▸ **ASSIGNMENT**: Copy out each entry below verbatim, skipping the images.

▸ **MATERIAL FOR THIS EXERCISE**:
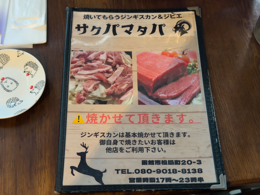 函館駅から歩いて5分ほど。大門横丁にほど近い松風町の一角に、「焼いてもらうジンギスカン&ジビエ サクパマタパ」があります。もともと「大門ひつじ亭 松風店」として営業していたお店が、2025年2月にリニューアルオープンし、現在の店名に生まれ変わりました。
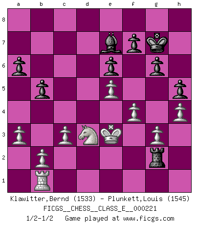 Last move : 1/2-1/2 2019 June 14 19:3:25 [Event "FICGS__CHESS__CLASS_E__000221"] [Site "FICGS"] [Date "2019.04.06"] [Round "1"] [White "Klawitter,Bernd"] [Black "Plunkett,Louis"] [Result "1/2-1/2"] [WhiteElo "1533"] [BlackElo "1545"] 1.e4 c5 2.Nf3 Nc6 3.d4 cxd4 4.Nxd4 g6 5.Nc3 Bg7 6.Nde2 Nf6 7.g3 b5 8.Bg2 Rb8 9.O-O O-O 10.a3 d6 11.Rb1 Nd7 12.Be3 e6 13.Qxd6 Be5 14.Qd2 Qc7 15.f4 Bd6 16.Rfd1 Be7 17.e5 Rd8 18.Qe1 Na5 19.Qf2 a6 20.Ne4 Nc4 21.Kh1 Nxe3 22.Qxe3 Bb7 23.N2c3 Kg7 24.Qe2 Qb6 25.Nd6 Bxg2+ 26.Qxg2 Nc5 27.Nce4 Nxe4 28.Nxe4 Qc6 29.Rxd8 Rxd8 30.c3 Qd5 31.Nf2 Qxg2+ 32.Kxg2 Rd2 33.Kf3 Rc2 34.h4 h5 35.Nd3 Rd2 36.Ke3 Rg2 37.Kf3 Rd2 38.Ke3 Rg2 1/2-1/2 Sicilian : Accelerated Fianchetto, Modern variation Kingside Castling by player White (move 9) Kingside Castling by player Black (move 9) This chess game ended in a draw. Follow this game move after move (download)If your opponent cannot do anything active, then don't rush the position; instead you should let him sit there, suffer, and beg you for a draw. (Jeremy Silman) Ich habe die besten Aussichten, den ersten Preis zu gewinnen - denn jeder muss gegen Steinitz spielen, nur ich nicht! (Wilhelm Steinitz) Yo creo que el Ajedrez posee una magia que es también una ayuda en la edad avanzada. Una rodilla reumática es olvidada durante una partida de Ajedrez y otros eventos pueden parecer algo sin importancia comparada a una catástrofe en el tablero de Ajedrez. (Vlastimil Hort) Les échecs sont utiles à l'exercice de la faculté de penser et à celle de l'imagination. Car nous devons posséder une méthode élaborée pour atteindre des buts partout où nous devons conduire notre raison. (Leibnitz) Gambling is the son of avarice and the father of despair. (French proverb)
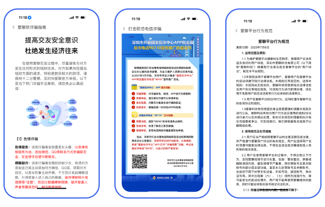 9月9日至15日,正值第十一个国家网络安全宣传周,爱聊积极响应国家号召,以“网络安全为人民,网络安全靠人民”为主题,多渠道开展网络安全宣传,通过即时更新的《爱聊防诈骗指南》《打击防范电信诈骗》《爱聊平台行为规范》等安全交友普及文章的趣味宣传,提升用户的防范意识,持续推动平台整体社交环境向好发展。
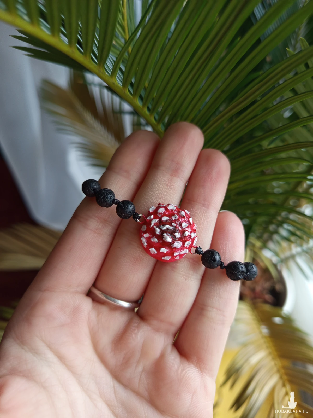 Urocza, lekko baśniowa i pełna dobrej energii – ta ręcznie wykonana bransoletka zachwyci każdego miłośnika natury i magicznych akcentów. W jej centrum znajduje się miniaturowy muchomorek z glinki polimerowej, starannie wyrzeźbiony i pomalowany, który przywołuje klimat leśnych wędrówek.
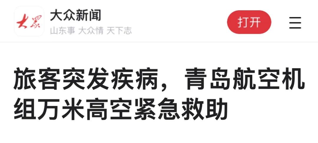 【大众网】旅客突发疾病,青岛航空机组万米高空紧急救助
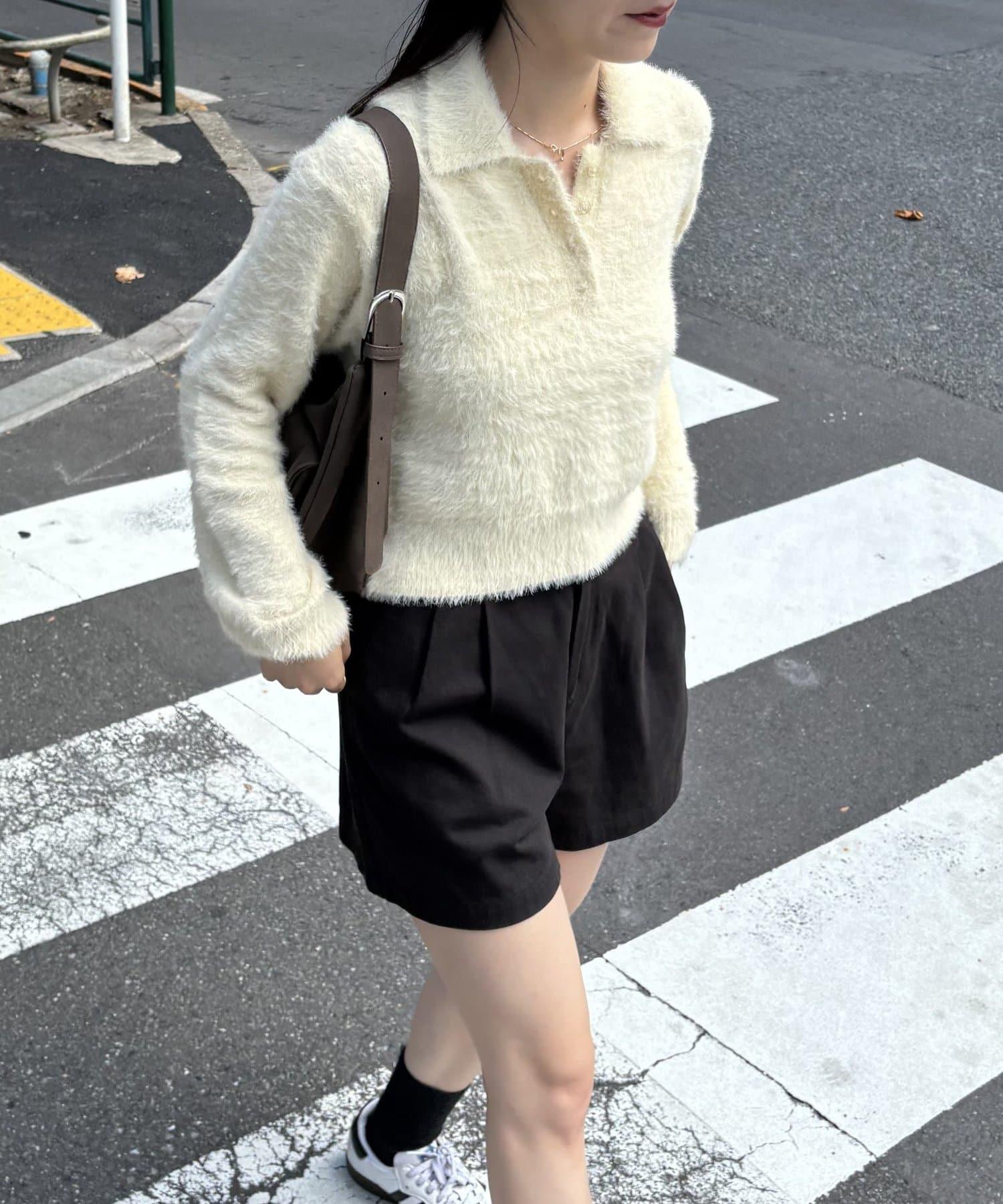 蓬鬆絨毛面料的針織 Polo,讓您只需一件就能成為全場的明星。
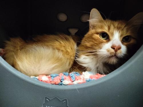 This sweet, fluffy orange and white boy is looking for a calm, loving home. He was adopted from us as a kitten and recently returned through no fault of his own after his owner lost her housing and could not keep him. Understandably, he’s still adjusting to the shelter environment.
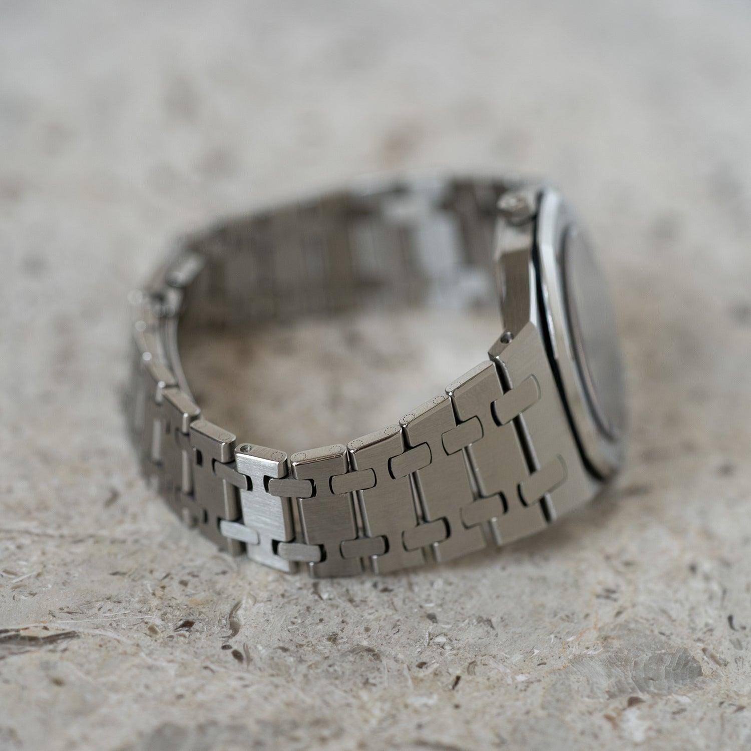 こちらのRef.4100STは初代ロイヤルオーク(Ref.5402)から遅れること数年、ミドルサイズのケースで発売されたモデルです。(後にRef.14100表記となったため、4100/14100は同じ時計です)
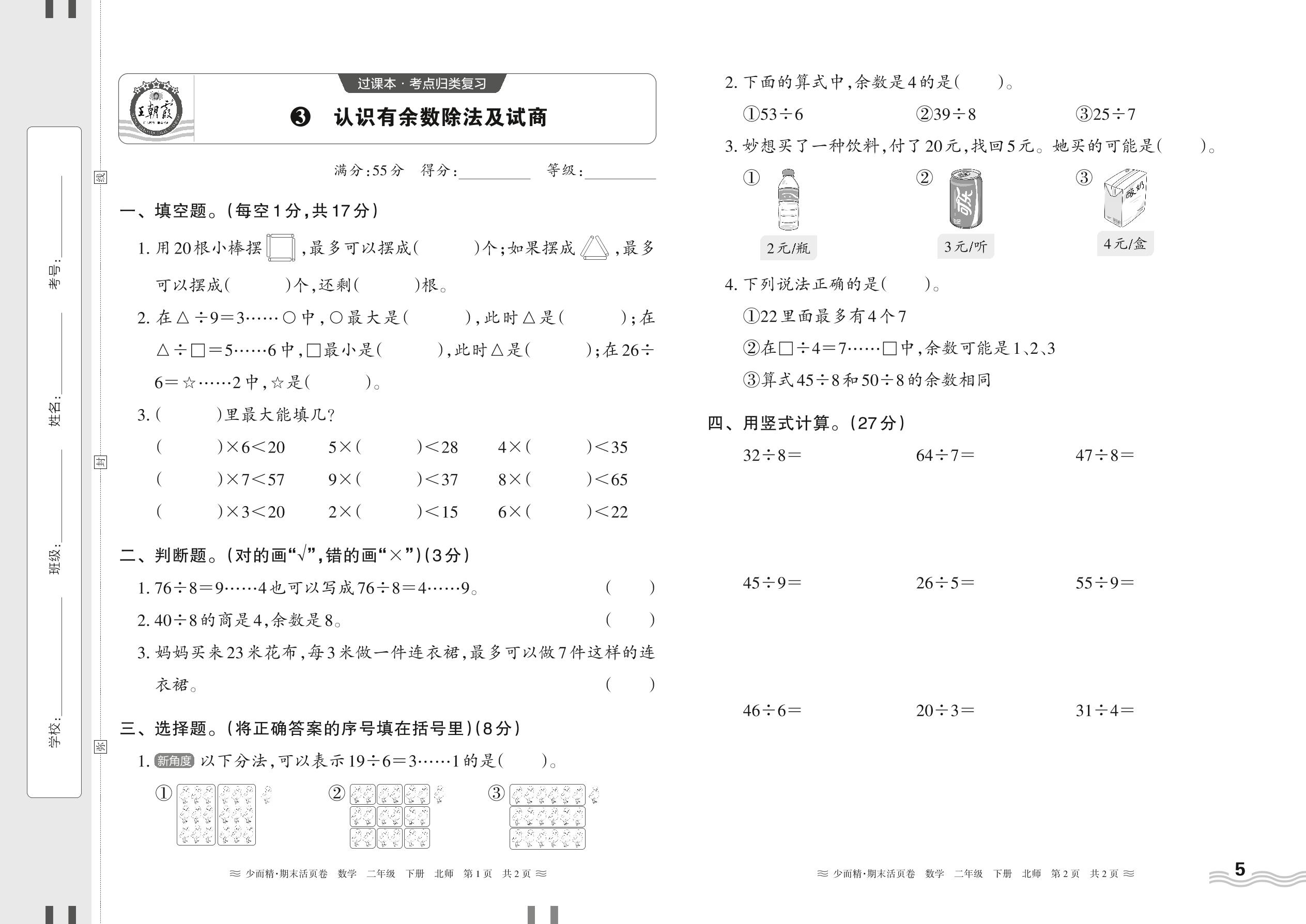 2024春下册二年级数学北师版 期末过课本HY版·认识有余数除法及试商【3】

▸ **RESULT**:
 函館駅から歩いて5分ほど。大門横丁にほど近い松風町の一角に、「焼いてもらうジンギスカン&ジビエ サクパマタパ」があります。もともと「大門ひつじ亭 松風店」として営業していたお店が、2025年2月にリニューアルオープンし、現在の店名に生まれ変わりました。
 Last move : 1/2-1/2 2019 June 14 19:3:25 [Event "FICGS__CHESS__CLASS_E__000221"] [Site "FICGS"] [Date "2019.04.06"] [Round "1"] [White "Klawitter,Bernd"] [Black "Plunkett,Louis"] [Result "1/2-1/2"] [WhiteElo "1533"] [BlackElo "1545"] 1.e4 c5 2.Nf3 Nc6 3.d4 cxd4 4.Nxd4 g6 5.Nc3 Bg7 6.Nde2 Nf6 7.g3 b5 8.Bg2 Rb8 9.O-O O-O 10.a3 d6 11.Rb1 Nd7 12.Be3 e6 13.Qxd6 Be5 14.Qd2 Qc7 15.f4 Bd6 16.Rfd1 Be7 17.e5 Rd8 18.Qe1 Na5 19.Qf2 a6 20.Ne4 Nc4 21.Kh1 Nxe3 22.Qxe3 Bb7 23.N2c3 Kg7 24.Qe2 Qb6 25.Nd6 Bxg2+ 26.Qxg2 Nc5 27.Nce4 Nxe4 28.Nxe4 Qc6 29.Rxd8 Rxd8 30.c3 Qd5 31.Nf2 Qxg2+ 32.Kxg2 Rd2 33.Kf3 Rc2 34.h4 h5 35.Nd3 Rd2 36.Ke3 Rg2 37.Kf3 Rd2 38.Ke3 Rg2 1/2-1/2 Sicilian : Accelerated Fianchetto, Modern variation Kingside Castling by player White (move 9) Kingside Castling by player Black (move 9) This chess game ended in a draw. Follow this game move after move (download)If your opponent cannot do anything active, then don't rush the position; instead you should let him sit there, suffer, and beg you for a draw. (Jeremy Silman) Ich habe die besten Aussichten, den ersten Preis zu gewinnen - denn jeder muss gegen Steinitz spielen, nur ich nicht! (Wilhelm Steinitz) Yo creo que el Ajedrez posee una magia que es también una ayuda en la edad avanzada. Una rodilla reumática es olvidada durante una partida de Ajedrez y otros eventos pueden parecer algo sin importancia comparada a una catástrofe en el tablero de Ajedrez. (Vlastimil Hort) Les échecs sont utiles à l'exercice de la faculté de penser et à celle de l'imagination. Car nous devons posséder une méthode élaborée pour atteindre des buts partout où nous devons conduire notre raison. (Leibnitz) Gambling is the son of avarice and the father of despair. (French proverb)
 9月9日至15日,正值第十一个国家网络安全宣传周,爱聊积极响应国家号召,以“网络安全为人民,网络安全靠人民”为主题,多渠道开展网络安全宣传,通过即时更新的《爱聊防诈骗指南》《打击防范电信诈骗》《爱聊平台行为规范》等安全交友普及文章的趣味宣传,提升用户的防范意识,持续推动平台整体社交环境向好发展。
 Urocza, lekko baśniowa i pełna dobrej energii – ta ręcznie wykonana bransoletka zachwyci każdego miłośnika natury i magicznych akcentów. W jej centrum znajduje się miniaturowy muchomorek z glinki polimerowej, starannie wyrzeźbiony i pomalowany, który przywołuje klimat leśnych wędrówek.
 【大众网】旅客突发疾病,青岛航空机组万米高空紧急救助
 蓬鬆絨毛面料的針織 Polo,讓您只需一件就能成為全場的明星。
 This sweet, fluffy orange and white boy is looking for a calm, loving home. He was adopted from us as a kitten and recently returned through no fault of his own after his owner lost her housing and could not keep him. Understandably, he’s still adjusting to the shelter environment.
 こちらのRef.4100STは初代ロイヤルオーク(Ref.5402)から遅れること数年、ミドルサイズのケースで発売されたモデルです。(後にRef.14100表記となったため、4100/14100は同じ時計です)
 2024春下册二年级数学北师版 期末过课本HY版·认识有余数除法及试商【3】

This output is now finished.